Os dois se levantaram e saíram correndo pela rua. Carambola veio ligeiro atrás. Hoje, eles iriam assistir ao ensaio geral da escola de samba do bairro ao lado. Em dois dias, começariam os desfiles de carnaval no centro da cidade e as escolas de samba estavam na maior correria para que tudo saísse perfeito. Algumas vezes, eles assistiam aos ensaios daquela escola e, normalmente, ganhavam alguma coisa no final. Uma vez, ganharam um saco de balas. Em menos de quinze minutos, já não havia mais nenhuma. Outra vez, deram um chapéu velho, rasgado e cheio de penas para ela e uma corneta de plástico azul para ele. Mas, desta vez, era o ensaio geral.
Pela tradição da escola, no ensaio geral aberto ao público eram distribuídos pipoca e confetes para todas as crianças que estivessem lá. No final, ainda convidavam a todos os presentes para uma refeição. A refeição tratava-se de uma sopa de arroz aguada, que era servida em tigelas de metal, uma para cada pessoa. Era bom chegar cedo para pegar o papelzinho que dava direito a uma porção da sopa.
Quando os três chegaram ao local do ensaio, ainda não havia quase ninguém lá. O ensaio começaria às 17h, dali a uma hora e meia. Eles foram aos vestiários para encontrar sua amiga Silvana, uma morena linda de 1,70m e cabelos negros que caiam em cachos volumosos até a cintura. Este ano, ela seria a rainha da bateria. Ela sempre os recebia de braços abertos e com muitos beijos. Estava sempre empoleirada em saltos muito altos e muito finos. Margarida se imaginava em saltos e roupas como as dela.
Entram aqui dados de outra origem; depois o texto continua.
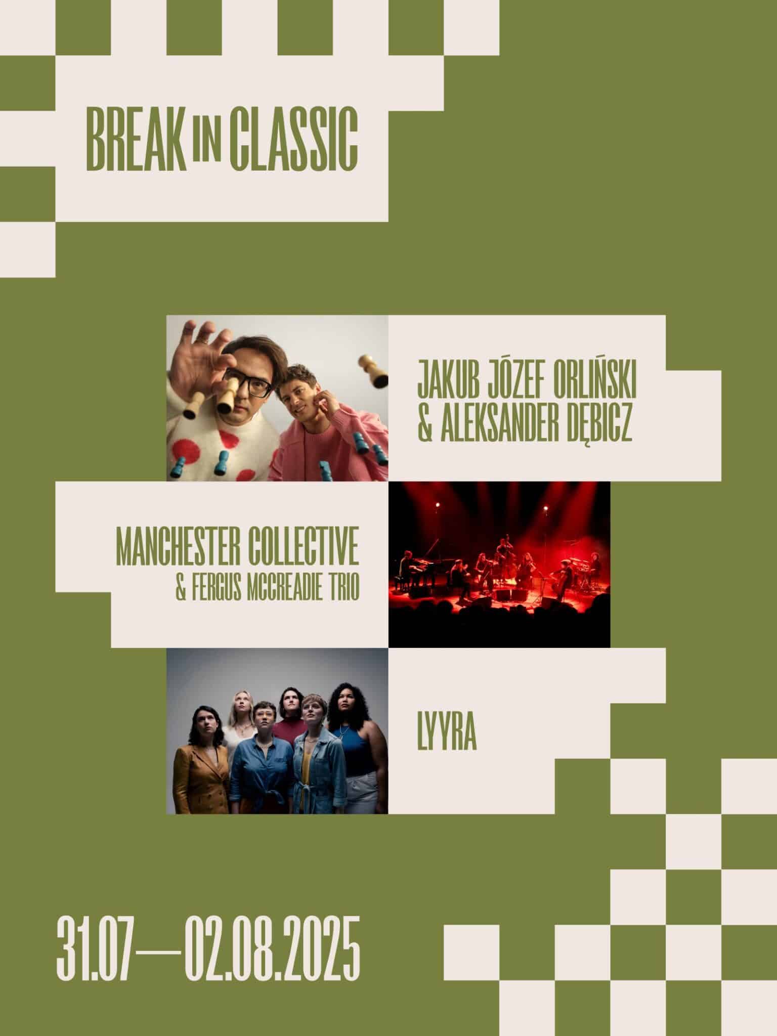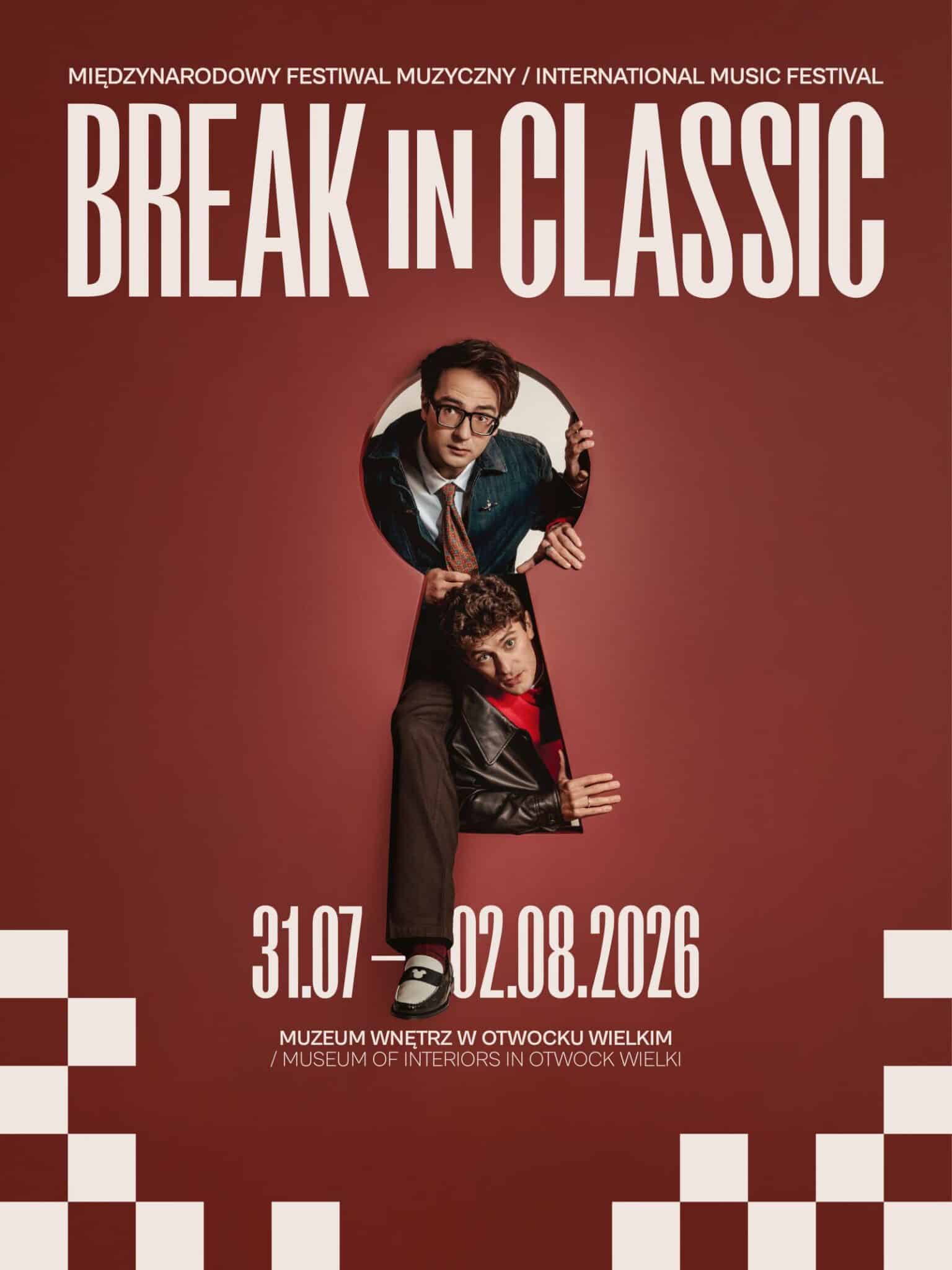 Druga edycja festiwalu, której Dyrektorami Artystycznymi niezmiennie pozostają Jakub Józef Orliński i Aleksander Dębicz, kontynuować będzie misję przełamywania schematów i łączenia tradycji z nowoczesnością. Break in Classic pozostaje przestrzenią, w której muzyka klasyczna spotyka świeże formaty, współczesną estetykę i nieoczywiste skojarzenia artystyczne - w otoczeniu natury i wyjątkowej architektury zabytkowego kompleksu w Muzeum Wnętrz w Otwocku Wielkim, Oddziale Muzeum Narodowego w Warszawie.

Eles a encontraram fazendo a maquiagem. Ela estava maravilhosa! Usava roupas douradas e sandálias da mesma cor. Havia penas por todos os lados e brilho, muito brilho. Brilho no corpo, nas roupas, nas penas, no rosto. Assim que Silvana os viu na porta do quartinho, levantou-se e veio em pequenos saltos alegres. Abaixou-se e os abraçou como de costume, distribuindo beijos, enquanto os apertava com os braços lisos.
- Juninho! Margarida! Eu estava com saudades de vocês. Vocês estão bem? – Eles assentiram com a cabeça. – Que bom! Agora, vão brincar lá fora que eu preciso terminar de me arrumar. Encontro vocês depois do ensaio, está bem?
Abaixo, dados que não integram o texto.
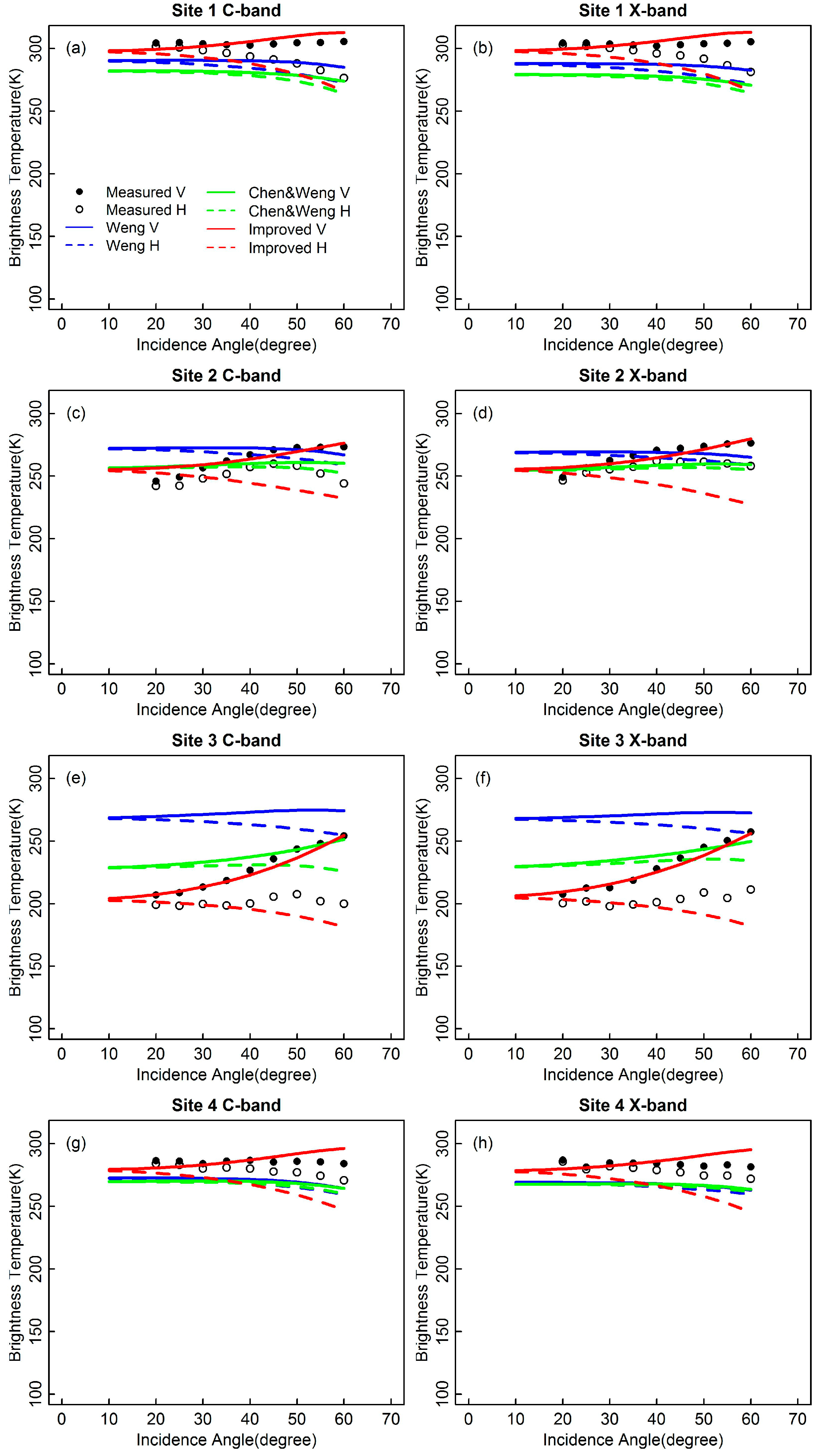 Ground-based measurements from the four sites with different surface conditions were used to evaluate the parameterized soil surface emissivity model. The parameters of the rough soil surfaces measured at the four sites are listed in Table 3. Figure 5 shows the comparisons between the measured brightness temperatures and the brightness temperatures calculated by the Weng, Chen and Weng, and the parameterized soil surface emissivity models. The calculated brightness temperatures at different incident angles and frequencies can be obtained as the product of surface emissivity and physical temperature [17,28]. In comparison with the measurements, there are consistent negative errors from the Weng model both for V-pol and H-pol at sites 1 and 4 and distinct positive errors at site 3, particularly for low incident angles. For the Chen and Weng model, the errors appear to be similar for sites 1 and 4, whereas the errors are smaller than those of the Weng model at sites 2 and 3. The errors show similar characteristics for bands C and X at all sites. In addition, the differences between V-pol and H-pol estimated by the Chen and Weng model nearly disappear at high incident angles for sites 1, 2, and 4. For all sites, the improved parameterized soil surface emissivity model agrees well with the measurements, although an error still exists for H-pol at high incident angles.
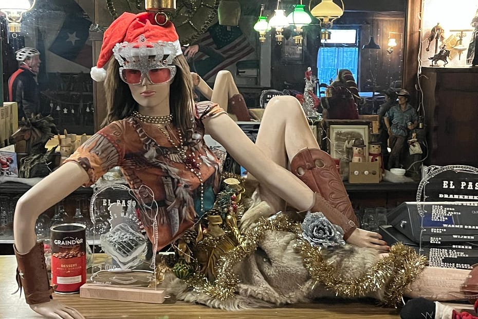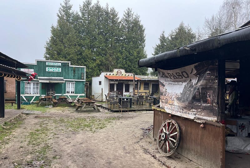 Leo had een GPX van de route gemaakt en die iedereen doorgestuurd. Ik was best benieuwd hoe dat zou gaan met gps in het bos maar dat ging boven (mijn) verwachting goed. De navigatie deed het prima en alle paden waren gewoon goed zichtbaar. Het eerste stuk door het bos heeft vooral Sebas op professionele wijze als spoorzoeker gefungeerd. Later nam ik het veelal over en ik vond het soms best lastig. Op je nav kijken en de bomen en boomwortels ontwijken gaat niet altijd samen maar op een enkel “ho, hier moesten we naar links (of rechts) na, ging het ok. De heenweg ging via het bos bij Lievensberg en via Huijbergen richting Kalmthout. De route was mooi via bekende stukken zoals de nootjesberg maar zeker voor mij ook stukken waarvan ik dacht ‘goh, leuk dat ik hier ook eens ben’. Het laatste stuk van de heenweg was best wel veel verhard met veel best koude wind. Het was een graadje of twee en de gevoelstemperatuur lag net onder het vriespunt. Uiteindelijk was daar El Paso. Ik herkende het niet meteen want het enige dat we zagen aan de andere kant van een hek was voertuigen die helemaal onder de aanslag zaten, hoop rotzooi eromheen en verder wat gebouwen met oude vervallen gevels. Dat bleek het toch te zijn. In het begin van het park (nou ja… park) zag het er net iets beter uit. Maar het was wel hartstikke gesloten dus dachten we: ‘terug dan maar”, maar Leo zou Leo niet zijn als hij niet rond ging rijden en op ramen kloppen en voor de poort staan. Ik weet niet of dat de reden was maar uiteindelijk kwam er toch iemand naar buiten. Dat bleek de schoonzoon van de eigenaren te zijn. De eigenaren waren dus de schoonouders van de schoonzoon en die waren bezig met het renoveren van El Paso. We mochten van de schoonzoon even binnenkijken en dat was best leuk. De kachels waren aan omdat iedere zondag vanaf een uur of 3 de tent volloopt, er live muziek is en er gelinedancet word. Het zag er binnen best wel gezellig uit. Echt iets voor de Toro’s (we zoeken nog een BOB).

Lá se foram os dois. Pegaram os vales-sopa e foram brincar nas árvores. Perto deles, algumas crianças da escola de Juninho brincavam de polícia-e-ladrão. No momento que viram Juninho, gritaram alguns insultos infantis e continuaram brincando. O menino fechou a cara e sentou-se num galho com os braços cruzados sobre o peito, uma perna encolhida e a outra pendurada. Margarida aproximou-se dele, sentando-se noutro galho. Ela se acomodou e tirou a flor do bolso para ficar admirando. Juninho notou seu gesto e começou a desfazer a cara amarrada. Quando ela percebeu que ele já estava alegre novamente, guardou a flor e o convidou para brincar.
Depois de brincarem bastante, chegou a hora do ensaio. Deu o sinal e eles saíram correndo para conseguir um lugar. Conseguiram um lugar bem pertinho do desfile, onde Silvana passaria. O ensaio estava lindo! Juninho e Margarida estavam maravilhados. Parecia que nunca tinham visto um ensaio tão bonito e alegre. Na hora que Silvana passou, Margarida acenou para ela, seguida de Juninho, e a rainha da bateria piscou para eles. A menina com nome de flor não conseguia tirar o sorriso do rosto.
Foi um dia cansativo. Juninho chegou em casa quando o sol estava se pondo. Quase deixou sua irmã preocupada. Margarida correu para casa assim que avistou sua mãe na porta, a esperando. Amélia já foi mandando o irmão arrumar a mesa da janta e tirar as roupas do varal. Ele estava sem fome. Não porque a sopa o tinha alimentado, mas porque só conseguia pensar no samba-enredo que ouvira à tarde e como gostaria de estar tocando com a bateria. Ele foi recolher as roupas do varal cantarolando a música nova que aprendera. Dali a dois dias ele poderia pedir para sua irmã levá-lo ao desfile da cidade, onde ele poderia torcer pela sua escola favorita.